For the following reasons, the Court holds that, to the extent that Andoh's petition challenges his removal, as it does predominantly, this Court lacks jurisdiction to resolve his claims and therefore dismisses these claims, without prejudice, for want of jurisdiction. The Court also holds that, to the extent that Andoh challenges his present detention, this District is the improper venue for his claims. The Court therefore transfers the habeas petition to the District of New Jersey to address these claims. The Court extends the present stay of Andoh's removal by one week, until September 25, 2019, to give Andoh time to pursue habeas relief in the District of New Jersey, and to enable to him, if he chooses, to pursue his removal-related claims in the Second Circuit, where jurisdiction would be proper.
I. Background
Andoh is a citizen of the Ivory Coast. Dkt. 14 ("Gov't Mem.") at 2. On June 26, 1990, he entered the United States with nonimmigrant student status. Dkt. 1 ("Pet.") ¶ 2. After he overstayed his visa, the Government placed Andoh in removal proceedings and issued an order of removal. Gov't Mem. at 2. On April 10, 1991, that order of removal became final. See Pet. ¶¶ 6, 47. But, after the Government failed to secure the necessary travel documents to deport Andoh to the Ivory Coast, it placed him under an order of supervision ("OSUP"). Gov't Mem. at 3. After various immigration proceedings, on February 23, 2007, Andoh received a second final order of removal. See id. Andoh was again placed under an OSUP. Id. at 4.

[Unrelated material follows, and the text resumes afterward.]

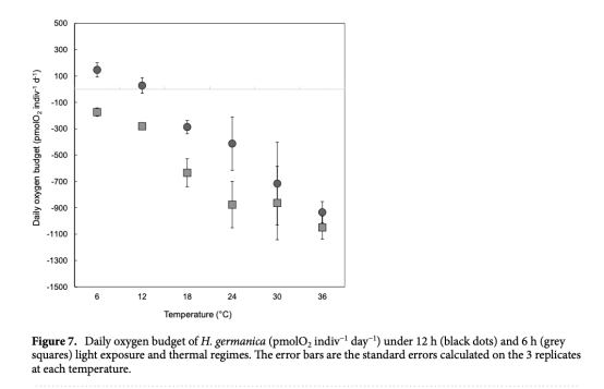 5. 氧氣預算數據:計算每日氧氣平衡(基于光合和呼吸速率),考慮光照暴露時間(6小時和12小時)。這些數據來自Figure 7。研究意義是量化有孔蟲在生態系統中的凈氧氣貢獻,顯示熱浪下氧氣生產轉為負值,凸顯其對底棲缺氧環境的潛在惡化作用。

Andoh has not left the United States since his arrival in 1990 and has been in full compliance with the terms of his OSUP since 1991. Pet. ¶ 5. On May 10, 2019, the Government obtained the necessary travel documents to deport him to the Ivory Coast. Gov't Mem. at 4; see also Dkt. 20 ("Oral Arg. Tr.") at 33-34. On July 30, 2019, Andoh, pursuant to his OSUP, went to a regularly scheduled appointment with Immigration and Customs Enforcement ("ICE"), where he was detained. See Pet. ¶ 53. ICE served him with a notice that the Government was revoking his OSUP because there was a "changed circumstance" in his case, namely, that it had obtained the travel documents needed for his deportation. Gov't Mem. at 4.
On August 7, 2019, Andoh filed a motion with the BIA to reopen his 2007 deportation proceedings and to issue an emergency stay of removal while such proceedings are pending. See Dkt. 1-5 ("Motion to Reopen") at 2. The BIA denied the request for a stay, Dkt. 1-6 ("BIA Order") at 1, and has yet to issue a final decision on the motion to reopen.
On August 27, 2019, Andoh, while detained in an immigration facility in New Jersey, filed the instant petition for a writ of habeas corpus. See Pet. It asserts three bases for relief. First, it claims that removal of Andoh from the country would violate the INA, federal regulations, and the Due Process Clause, because the Government improperly revoked his OSUP (the "OSUP claim"). See id. at 18-21. Second, the petition asserts that removal of Andoh prior to the adjudication of his motion to reopen, pending before the BIA, would violate the APA, the INA, and federal regulations (the "motion to reopen claim"). See id. at 21-22. Third, and finally, it claims that removal of Andoh would violate the Suspension Clause (the "Suspension Clause claim"). See id. at 22.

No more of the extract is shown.